**Problem description**
Copy out every entry precisely.

[Data supplied Boundary: Start]

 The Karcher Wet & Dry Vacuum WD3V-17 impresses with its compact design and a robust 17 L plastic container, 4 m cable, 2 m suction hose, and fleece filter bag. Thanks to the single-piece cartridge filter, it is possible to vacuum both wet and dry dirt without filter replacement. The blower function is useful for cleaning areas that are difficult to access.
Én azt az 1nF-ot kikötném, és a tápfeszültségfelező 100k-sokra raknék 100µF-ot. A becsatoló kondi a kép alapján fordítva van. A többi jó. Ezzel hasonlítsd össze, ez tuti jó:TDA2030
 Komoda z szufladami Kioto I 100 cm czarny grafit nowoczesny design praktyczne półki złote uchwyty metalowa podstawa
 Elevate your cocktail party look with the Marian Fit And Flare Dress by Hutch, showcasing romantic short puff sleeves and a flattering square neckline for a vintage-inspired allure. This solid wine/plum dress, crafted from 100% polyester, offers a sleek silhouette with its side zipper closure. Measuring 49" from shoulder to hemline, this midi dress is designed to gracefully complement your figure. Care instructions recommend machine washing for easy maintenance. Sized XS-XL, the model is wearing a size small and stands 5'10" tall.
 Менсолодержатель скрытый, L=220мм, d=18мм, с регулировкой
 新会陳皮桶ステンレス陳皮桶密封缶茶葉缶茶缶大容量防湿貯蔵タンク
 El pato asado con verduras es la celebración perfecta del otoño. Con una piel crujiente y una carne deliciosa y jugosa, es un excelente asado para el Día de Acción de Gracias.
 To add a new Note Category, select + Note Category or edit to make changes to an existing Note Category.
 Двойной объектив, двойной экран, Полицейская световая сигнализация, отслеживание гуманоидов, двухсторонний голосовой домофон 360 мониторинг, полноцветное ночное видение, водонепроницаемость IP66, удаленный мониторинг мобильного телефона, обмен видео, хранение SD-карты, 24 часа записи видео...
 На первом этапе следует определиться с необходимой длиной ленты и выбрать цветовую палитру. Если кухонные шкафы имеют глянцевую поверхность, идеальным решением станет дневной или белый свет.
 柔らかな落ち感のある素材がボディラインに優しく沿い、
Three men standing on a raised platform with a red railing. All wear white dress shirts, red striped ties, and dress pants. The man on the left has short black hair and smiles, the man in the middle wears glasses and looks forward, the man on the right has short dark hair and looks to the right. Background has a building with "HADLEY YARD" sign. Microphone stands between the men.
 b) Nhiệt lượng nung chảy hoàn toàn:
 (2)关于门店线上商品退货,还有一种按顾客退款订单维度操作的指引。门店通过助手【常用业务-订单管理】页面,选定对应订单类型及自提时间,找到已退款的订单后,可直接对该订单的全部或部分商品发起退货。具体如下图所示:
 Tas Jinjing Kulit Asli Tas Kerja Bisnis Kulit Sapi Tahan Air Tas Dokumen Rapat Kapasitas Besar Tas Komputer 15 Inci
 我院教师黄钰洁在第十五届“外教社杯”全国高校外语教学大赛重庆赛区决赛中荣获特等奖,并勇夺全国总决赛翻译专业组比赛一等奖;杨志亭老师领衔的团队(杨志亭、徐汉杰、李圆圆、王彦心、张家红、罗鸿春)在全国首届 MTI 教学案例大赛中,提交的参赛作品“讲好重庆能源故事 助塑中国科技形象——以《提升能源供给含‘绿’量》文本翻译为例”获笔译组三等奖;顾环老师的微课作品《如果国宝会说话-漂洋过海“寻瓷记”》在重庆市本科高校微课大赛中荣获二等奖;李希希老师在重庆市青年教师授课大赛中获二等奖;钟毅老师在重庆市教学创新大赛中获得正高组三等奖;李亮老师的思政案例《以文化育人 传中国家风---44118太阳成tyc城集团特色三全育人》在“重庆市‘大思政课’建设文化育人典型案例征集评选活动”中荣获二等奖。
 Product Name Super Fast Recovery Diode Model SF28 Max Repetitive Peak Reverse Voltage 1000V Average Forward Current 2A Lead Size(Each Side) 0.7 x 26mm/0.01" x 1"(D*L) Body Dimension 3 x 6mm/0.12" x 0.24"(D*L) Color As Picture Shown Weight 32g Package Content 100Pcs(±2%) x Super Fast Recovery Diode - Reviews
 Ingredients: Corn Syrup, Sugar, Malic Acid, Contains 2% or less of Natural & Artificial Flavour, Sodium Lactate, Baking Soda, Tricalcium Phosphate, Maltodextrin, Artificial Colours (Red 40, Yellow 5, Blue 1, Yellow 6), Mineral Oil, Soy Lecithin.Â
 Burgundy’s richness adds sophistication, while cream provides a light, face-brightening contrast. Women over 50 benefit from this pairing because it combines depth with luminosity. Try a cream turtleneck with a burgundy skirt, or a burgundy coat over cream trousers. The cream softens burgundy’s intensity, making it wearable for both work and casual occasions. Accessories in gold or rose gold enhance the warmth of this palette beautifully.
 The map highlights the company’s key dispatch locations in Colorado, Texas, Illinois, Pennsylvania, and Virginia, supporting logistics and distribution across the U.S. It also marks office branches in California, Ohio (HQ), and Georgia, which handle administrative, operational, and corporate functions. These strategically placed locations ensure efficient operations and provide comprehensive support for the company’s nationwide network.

[Data supplied Boundary: End]

**Written answer**
 The Karcher Wet & Dry Vacuum WD3V-17 impresses with its compact design and a robust 17 L plastic container, 4 m cable, 2 m suction hose, and fleece filter bag. Thanks to the single-piece cartridge filter, it is possible to vacuum both wet and dry dirt without filter replacement. The blower function is useful for cleaning areas that are difficult to access.
Én azt az 1nF-ot kikötném, és a tápfeszültségfelező 100k-sokra raknék 100µF-ot. A becsatoló kondi a kép alapján fordítva van. A többi jó. Ezzel hasonlítsd össze, ez tuti jó:TDA2030
 Komoda z szufladami Kioto I 100 cm czarny grafit nowoczesny design praktyczne półki złote uchwyty metalowa podstawa
 Elevate your cocktail party look with the Marian Fit And Flare Dress by Hutch, showcasing romantic short puff sleeves and a flattering square neckline for a vintage-inspired allure. This solid wine/plum dress, crafted from 100% polyester, offers a sleek silhouette with its side zipper closure. Measuring 49" from shoulder to hemline, this midi dress is designed to gracefully complement your figure. Care instructions recommend machine washing for easy maintenance. Sized XS-XL, the model is wearing a size small and stands 5'10" tall.
 Менсолодержатель скрытый, L=220мм, d=18мм, с регулировкой
 新会陳皮桶ステンレス陳皮桶密封缶茶葉缶茶缶大容量防湿貯蔵タンク
 El pato asado con verduras es la celebración perfecta del otoño. Con una piel crujiente y una carne deliciosa y jugosa, es un excelente asado para el Día de Acción de Gracias.
 To add a new Note Category, select + Note Category or edit to make changes to an existing Note Category.
 Двойной объектив, двойной экран, Полицейская световая сигнализация, отслеживание гуманоидов, двухсторонний голосовой домофон 360 мониторинг, полноцветное ночное видение, водонепроницаемость IP66, удаленный мониторинг мобильного телефона, обмен видео, хранение SD-карты, 24 часа записи видео...
 На первом этапе следует определиться с необходимой длиной ленты и выбрать цветовую палитру. Если кухонные шкафы имеют глянцевую поверхность, идеальным решением станет дневной или белый свет.
 柔らかな落ち感のある素材がボディラインに優しく沿い、
Three men standing on a raised platform with a red railing. All wear white dress shirts, red striped ties, and dress pants. The man on the left has short black hair and smiles, the man in the middle wears glasses and looks forward, the man on the right has short dark hair and looks to the right. Background has a building with "HADLEY YARD" sign. Microphone stands between the men.
 b) Nhiệt lượng nung chảy hoàn toàn:
 (2)关于门店线上商品退货,还有一种按顾客退款订单维度操作的指引。门店通过助手【常用业务-订单管理】页面,选定对应订单类型及自提时间,找到已退款的订单后,可直接对该订单的全部或部分商品发起退货。具体如下图所示:
 Tas Jinjing Kulit Asli Tas Kerja Bisnis Kulit Sapi Tahan Air Tas Dokumen Rapat Kapasitas Besar Tas Komputer 15 Inci
 我院教师黄钰洁在第十五届“外教社杯”全国高校外语教学大赛重庆赛区决赛中荣获特等奖,并勇夺全国总决赛翻译专业组比赛一等奖;杨志亭老师领衔的团队(杨志亭、徐汉杰、李圆圆、王彦心、张家红、罗鸿春)在全国首届 MTI 教学案例大赛中,提交的参赛作品“讲好重庆能源故事 助塑中国科技形象——以《提升能源供给含‘绿’量》文本翻译为例”获笔译组三等奖;顾环老师的微课作品《如果国宝会说话-漂洋过海“寻瓷记”》在重庆市本科高校微课大赛中荣获二等奖;李希希老师在重庆市青年教师授课大赛中获二等奖;钟毅老师在重庆市教学创新大赛中获得正高组三等奖;李亮老师的思政案例《以文化育人 传中国家风---44118太阳成tyc城集团特色三全育人》在“重庆市‘大思政课’建设文化育人典型案例征集评选活动”中荣获二等奖。
 Product Name Super Fast Recovery Diode Model SF28 Max Repetitive Peak Reverse Voltage 1000V Average Forward Current 2A Lead Size(Each Side) 0.7 x 26mm/0.01" x 1"(D*L) Body Dimension 3 x 6mm/0.12" x 0.24"(D*L) Color As Picture Shown Weight 32g Package Content 100Pcs(±2%) x Super Fast Recovery Diode - Reviews
 Ingredients: Corn Syrup, Sugar, Malic Acid, Contains 2% or less of Natural & Artificial Flavour, Sodium Lactate, Baking Soda, Tricalcium Phosphate, Maltodextrin, Artificial Colours (Red 40, Yellow 5, Blue 1, Yellow 6), Mineral Oil, Soy Lecithin.Â
 Burgundy’s richness adds sophistication, while cream provides a light, face-brightening contrast. Women over 50 benefit from this pairing because it combines depth with luminosity. Try a cream turtleneck with a burgundy skirt, or a burgundy coat over cream trousers. The cream softens burgundy’s intensity, making it wearable for both work and casual occasions. Accessories in gold or rose gold enhance the warmth of this palette beautifully.
 The map highlights the company’s key dispatch locations in Colorado, Texas, Illinois, Pennsylvania, and Virginia, supporting logistics and distribution across the U.S. It also marks office branches in California, Ohio (HQ), and Georgia, which handle administrative, operational, and corporate functions. These strategically placed locations ensure efficient operations and provide comprehensive support for the company’s nationwide network.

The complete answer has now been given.